Skip the pictures. Set down, word for word, the lines from the start of the material up to and including the line with "Реверс: Изображения трёх".

Provided material
-*-*-
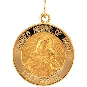 - This Sacred Heart of Mary medal is in all 14K Solid Yellow Gold.
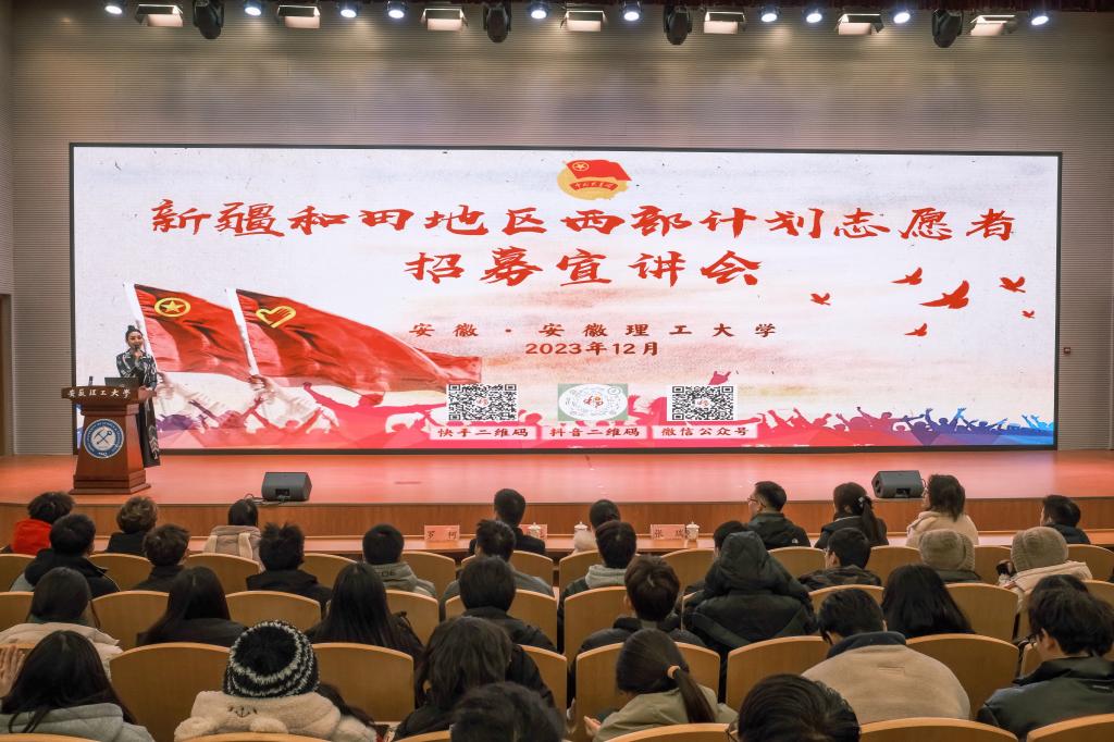 为积极践行学校“三到”办学理念,进一步做好2024届西部计划的宣传动员、招募选拔工作,12月19日上午,新疆和田地区西部计划志愿者专场招募宣讲会在舜耕会堂举办。新疆和田地区团委副书记、青联主席付正龙一行与我校500多名师生面对面,开展了一场生动精彩的招募宣讲活动。
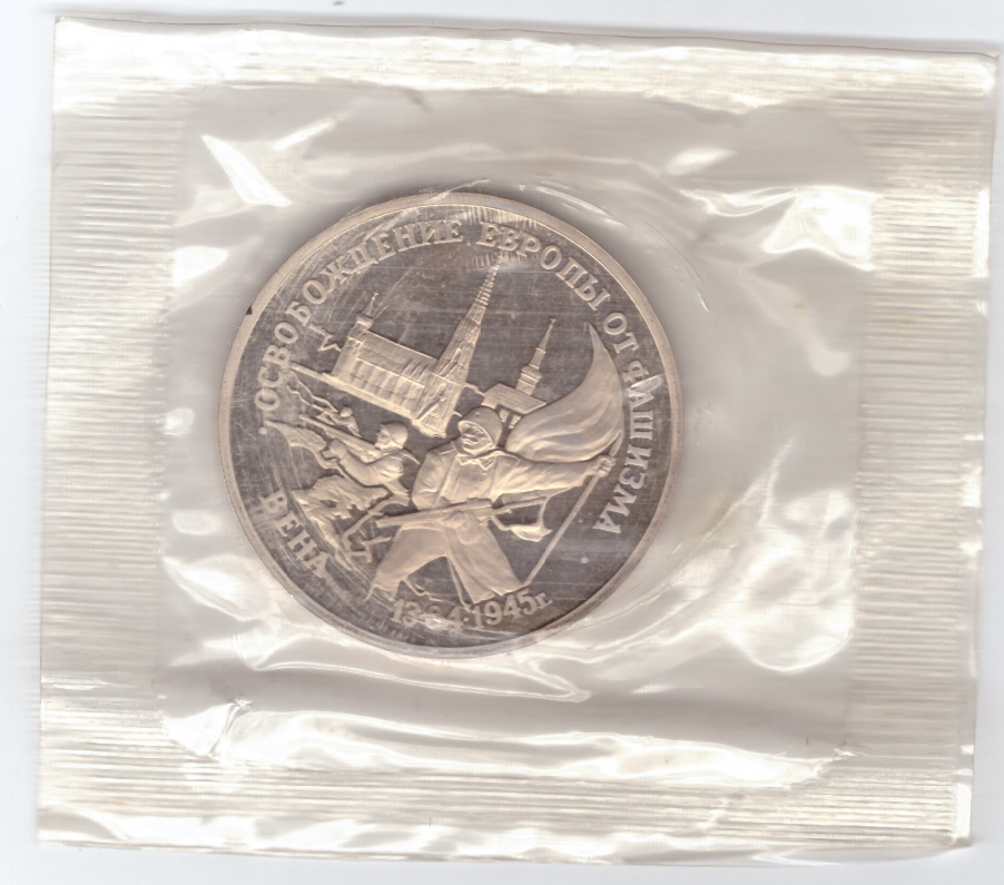 Реверс: Изображения трёх советских солдат во время боя на фоне архитектурных памятников Вены, по окружности надписи, разделённые двумя точками: вверху - "Освобождение Европы от фашизма", внизу -"Вена 13.04.1945 г.". На боковой поверхности монеты - две углублённые надписи "Три рубля", разделённые двумя звёздочками.
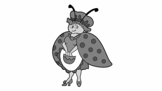 The mark consists of A smiling cartoon female figure with eyebrows and the eyes are looking right. She is wearing a hat with ruffles along the brim of the hat and darker detail on top of the ruffles along the body of the hat. There are two antennae protruding upwards and angled left and right with thicker tips on the end on top of the hat ruffles. She is wearing a necklace with wings coming out of her shoulders with darker spots along the wings. Her dress is short and short-sleeved. She has a lighter colored apron around her waist with various sized semi-circles ruffles on the outside. Her arms are angled inwards with her two hands placed inside a darker pocket with similar semi-circle ruffle along the top of the pocket that is placed in the middle of the apron. Her right leg is angled right with a high heel shoe with a bow on her right foot; her left leg is facing forward, showing the front part of a shoe with a bow.
-*-*-
Your response
 - This Sacred Heart of Mary medal is in all 14K Solid Yellow Gold.
 为积极践行学校“三到”办学理念,进一步做好2024届西部计划的宣传动员、招募选拔工作,12月19日上午,新疆和田地区西部计划志愿者专场招募宣讲会在舜耕会堂举办。新疆和田地区团委副书记、青联主席付正龙一行与我校500多名师生面对面,开展了一场生动精彩的招募宣讲活动。
 Реверс: Изображения трёх советских солдат во время боя на фоне архитектурных памятников Вены, по окружности надписи, разделённые двумя точками: вверху - "Освобождение Европы от фашизма", внизу -"Вена 13.04.1945 г.". На боковой поверхности монеты - две углублённые надписи "Три рубля", разделённые двумя звёздочками.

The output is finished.